George Mallory e l’everest, duello tra giganti
Esce per la prima volta in italiano, edito da Hoepli, il diario dell’alpinista britannico morto sull’himalaya nel 1924
Il mito non si offuscò neppure quando una spedizione americana scoprì il suo corpo congelato a oltre ottomila metri d’altezza, nell’estate del 1999. Anzi, se possibile, George Mallory assurgeva più eroico e glorioso tra i grandi dell’alpinismo.

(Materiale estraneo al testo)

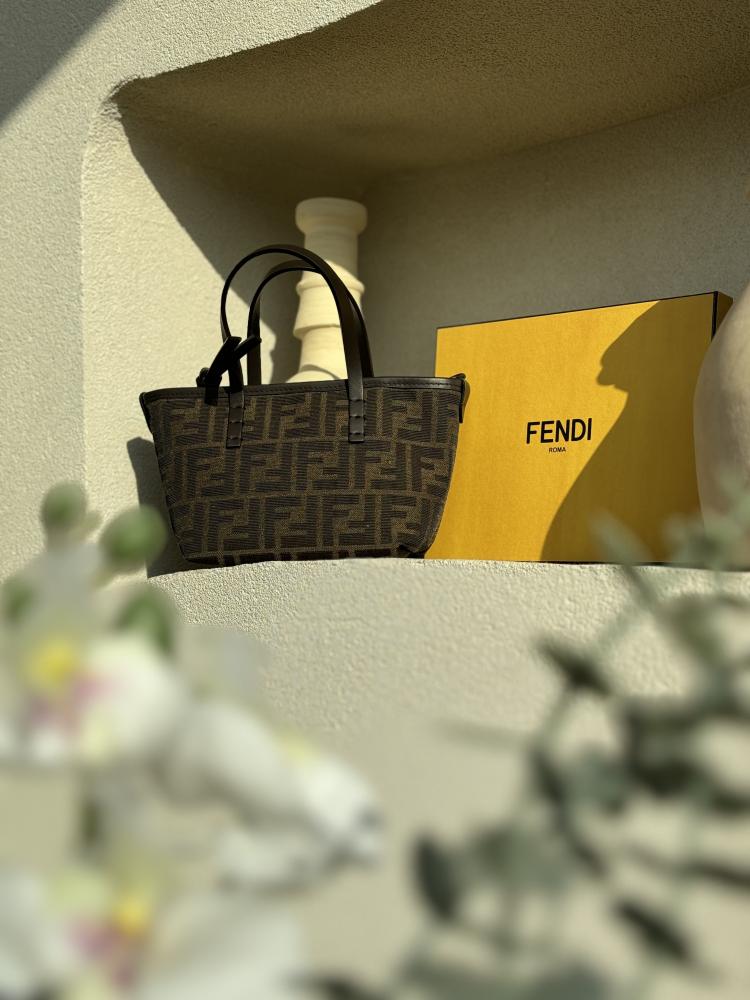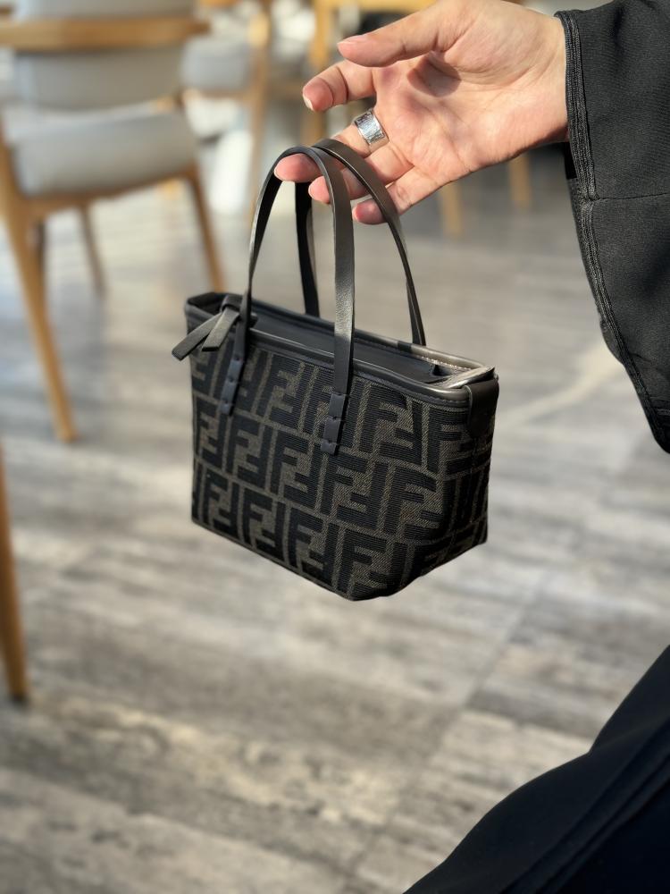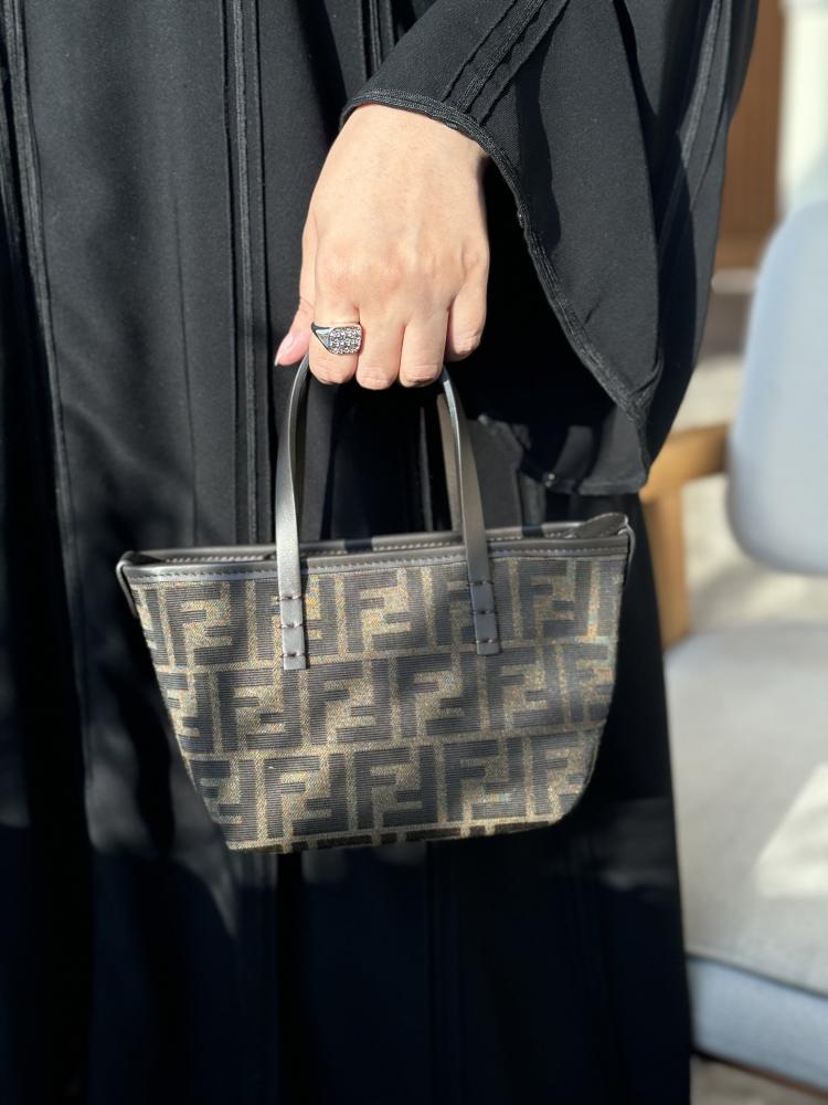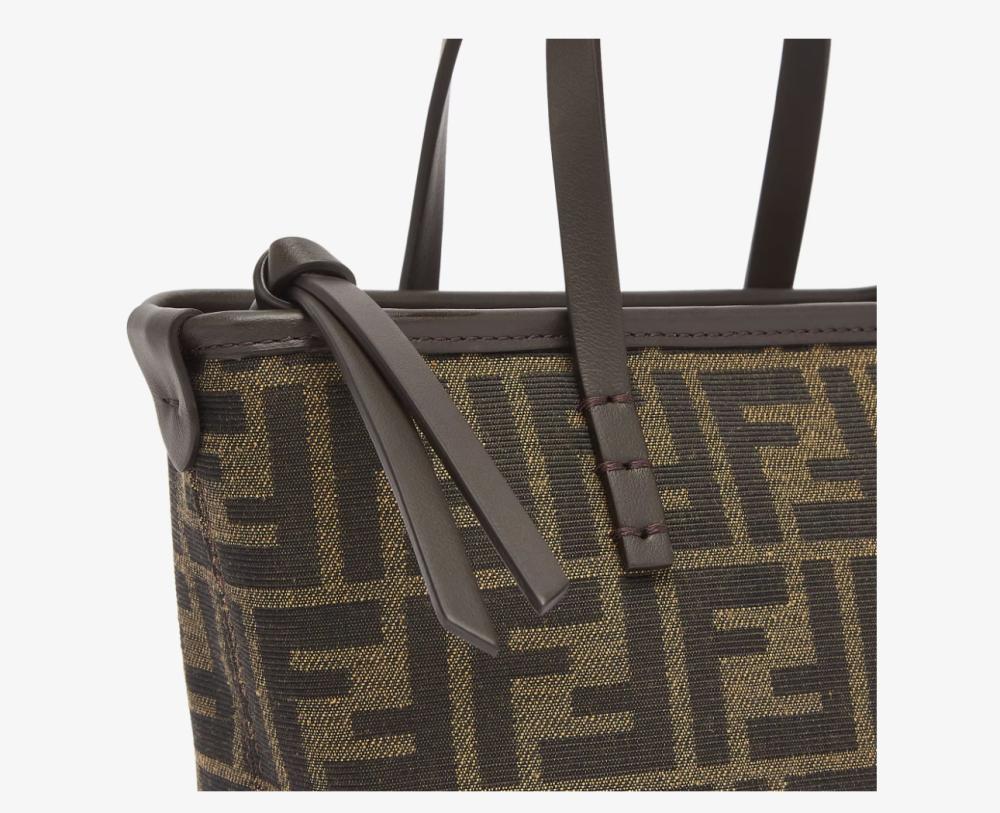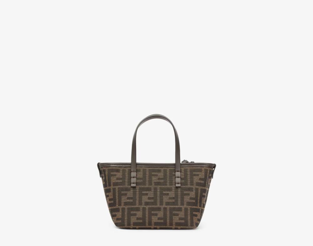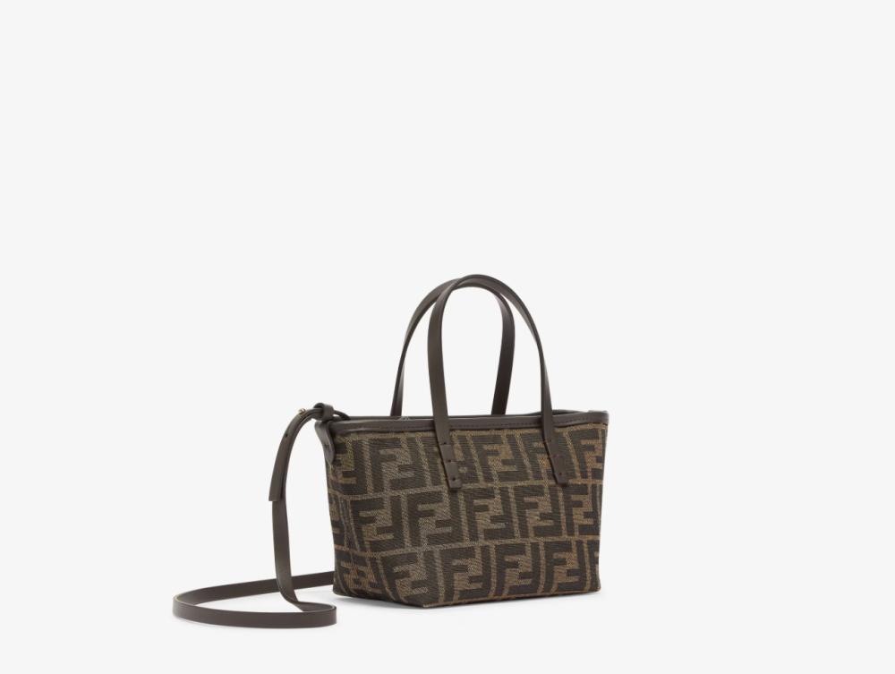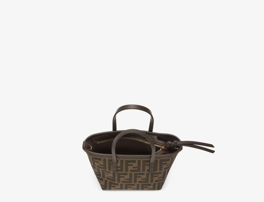 حقيبة تسوق صغيرة مصنوعة من قماش الجاكار مع نقشة FF بنية اللون. مزينة بجلد بني غامق وسحاب للإغلاق مع سحّاب جلدي طويل معقود.

A 75 anni dalla sua scomparsa con il compagno Andrew Irvine a poche centinaia di metri dalla cima dell’everest, l’antico mistero si faceva più intrigante che mai: la morte li aveva sorpresi sulla via del ritorno dopo aver raggiunto la vetta, oppure mentre ancora stavano salendo? Tra i vestiti di Mallory non c’era la macchina fotografica, che forse avrebbe aiutato a trovare una risposta, se si fosse riusciti a sviluppare le immagini. D’altro canto non venne neppure rinvenuta una piccola foto della moglie Ruth, che lui diceva di voler lasciare in vetta.
Da allora sono in tanti a ritenere che probabilmente i due non riuscirono mai a coronare il loro sogno. Ma a noi piace mantenere vivo il dubbio. Anche perché Mallory era davvero pronto per l’impresa.
Nei suoi diari, già noti al pubblico anglosassone e adesso pubblicati per la prima volta in italiano da Hoepli con il titolo Everest, la montagna di una vita, racconta la sua ossessione per quella vetta. Aveva tentato nel 1921 e l’anno dopo. Quella del 1924 doveva essere la terza volta decisiva. La sua prosa ricca e profonda, ben coltivata come professore di storia a Cambridge, descrive nel dettaglio le modalità delle spedizioni di allora, i rapporti con i portatori locali, ma anche la ricerca della via di salita migliore, i lunghi trekking d’avvicinamento, assieme ad una miriade di osservazioni sul comportamento del corpo umano costretto a sforzi estremi alle alte quote, che sono tutt’ora alla base degli studi sull’acclimatamento.
In appendice è pubblicato anche un suo celebre saggio sull’alpinismo come arte, che è in effetti un’ode appassionata a questi «banditi un po’ folli», che mettono a repentaglio le loro vite per scoprire, inventare e costruire vie in montagna, proprio come gli artisti concepiscono i loro lavori.